At the time it was interpreted as something more sensational. It was an incident that seemed to symbolize her unworldly innocence as well as her constant vulnerability. She was naïve to expect anonymity in the company of a man who was a thorn in the flesh of the British Establishment, at the most fashionable resort in southern France, and at the height of summer. At the same time, she was always on the lookout for a safe haven, particularly during school holidays, where she and her boys could enjoy some time together before the Princes journeyed back to their father at Balmoral. Perhaps if she had bought her own country seat – for a time she hunted for properties in Berkshire near William’s public school, Eton – or achieved her dream of living on the Althorp estate she would have treated holiday invitations from well-meaning friends more cautiously. The ultimate irony was that, before the Fayed offer, she had already been invited to stay at a holiday home at Southampton in the Hamptons on the east coast of America by her billionaire friend Teddy Forstmann. However, for some unknown reason, the security services did not feel that the place offered sufficient security for the Princess and her boys, and the offer was declined.
Four days into that fateful July holiday, the party was joined by Fayed’s eldest son, Emad, known as Dodi, who ha
d first met the Princess ten years before when he played alongside Prince Charles in a polo match. There was little sign of their later intimacy when he was introduced to Diana. Crew members noted that he bowed and called her ‘Ma’am’, treating her with the deference due her station. Indeed, Dodi had his own yacht moored near Jonikal, his father’s boat, and it was on that vessel that he was staying with his then fiancée, the Californian model Kelly Fisher.

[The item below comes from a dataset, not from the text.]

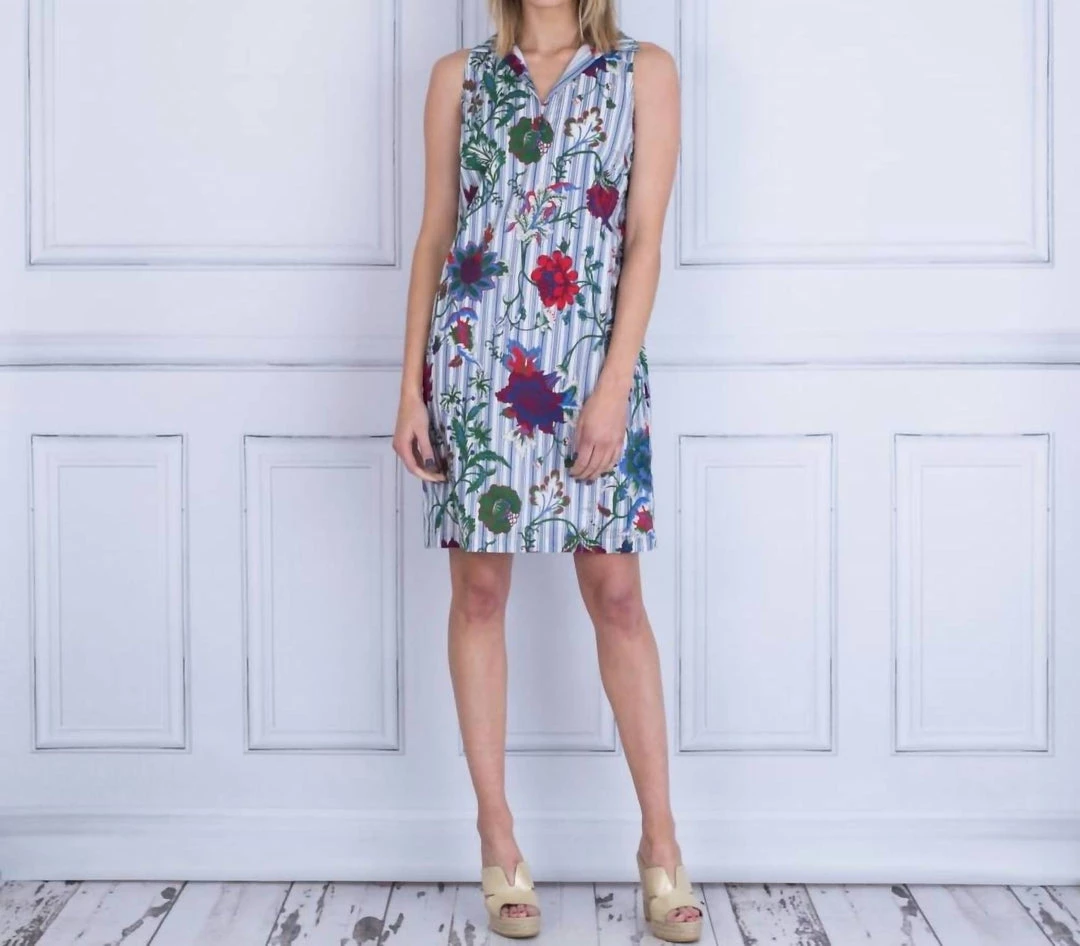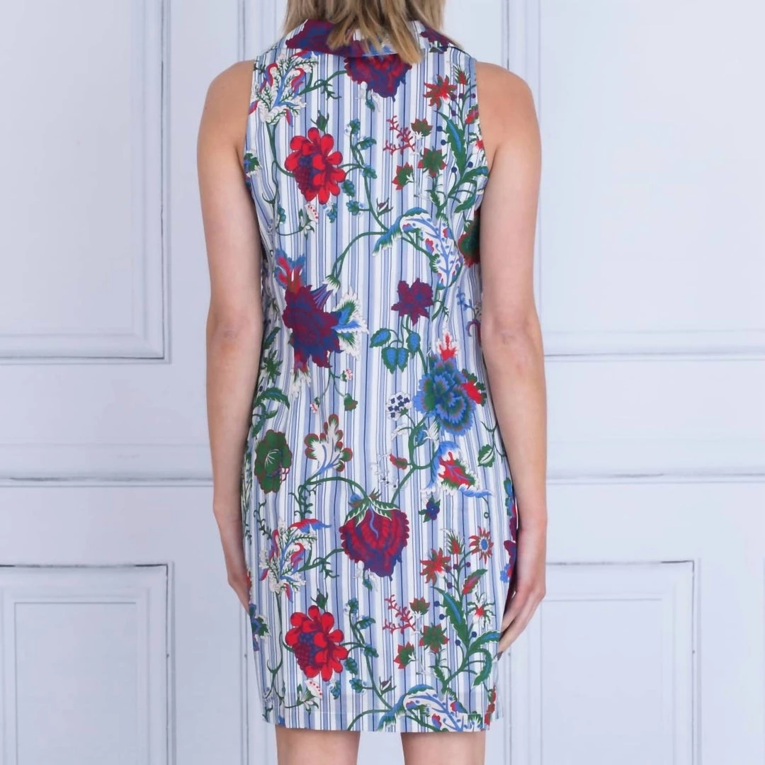Material – 100% CottonWash on 30Approximate Length – 78 cmOpen Collar NecklineStep out in style wearing this gorgeous sleeveless dress byΓΒ Vilagallo. This dress features an open collar neckline and stunning bold flower and stripe print. Perfect for a nice hot day or to take on your next holiday.

At first sight the 41-year-old playboy, a Hollywood film producer, was an unlikely suitor for the hand of a princess, a woman who had spent her life stripping away the bogus glamour of royalty so that she could spend time with and truly understand people on the margins of existence. Born into unashamed luxury, Dodi, the only son of Mohamed al-Fayed and his first wife, the late Samira Khashoggi, whose brother Adnan is the billionaire arms dealer, was given his own Rolls-Royce complete with chauffeur and bodyguard when he was just 15. Educated at a series of exclusive schools in Switzerland, France and Egypt, his training was rounded off by a period at the Sandhurst Royal Military Academy, to ‘toughen him up’ before he joined the United Arab Emirates Air Force.

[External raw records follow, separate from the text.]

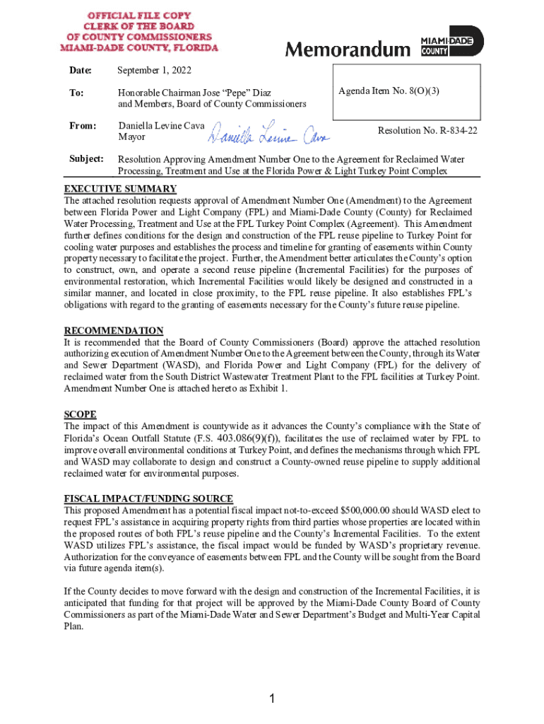 Date:September 1, 2022To:Honorable Chairman Jose Pepe Diaz and Members, Board of County CommissionersFrom:Daniella Levine Cava MayorSubject:Resolution Approving Amendment Number One to the Agreement
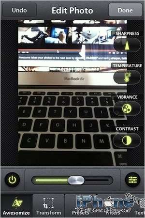 Camera Awesome 不但能夠幫人派出好照片,還能夠幫人處理出好照片。在編輯圖片的時候,它提供名為“Awesomize”的按鈕,和一個滑動條,讓人一鍵優化圖片。而如果用戶還覺得不滿意,還可以分別調整圖片的銳度、色溫、飽和度、對比度。
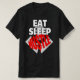 This image features a graphic design with the words "Eat Sleep Hustle" in bold, white, and red lettering. "Eat" and "Sleep" are stacked above "Hustle", which is written in a larger, red font and angled diagonally. The design evokes a sense of energy and drive, implying that hard work and dedication are key to success. The use of bold colours and dynamic typography creates a visually striking and impactful message.

As a young man with a predilection for fast cars and beautiful women, it was inevitable that he should be drawn to the shiny glamour of Hollywood where he became a film producer involved most notably with the Oscar-winning Chariots of Fire. Following the failure of his eight-month marriage to the model Suzanne Gregard, he was linked to a series of glittering girlfriends including Brooke Shields, Joanne Whalley, Cathy Lee Crosby and Julia Roberts. His holiday companion, Kelly Fisher, was the latest in a long line of loves. Though he once said that his first marriage had put him off the institution for life, it seemed he was ready to settle down with the Californian model. Kelly Fisher later claimed that they were engaged at the time; he had bought her a $200,000 ring, presented her with a cheque for the same amount – it subsequently bounced – and picked out a seafront property in Malibu where he and Kelly would live after their marriage.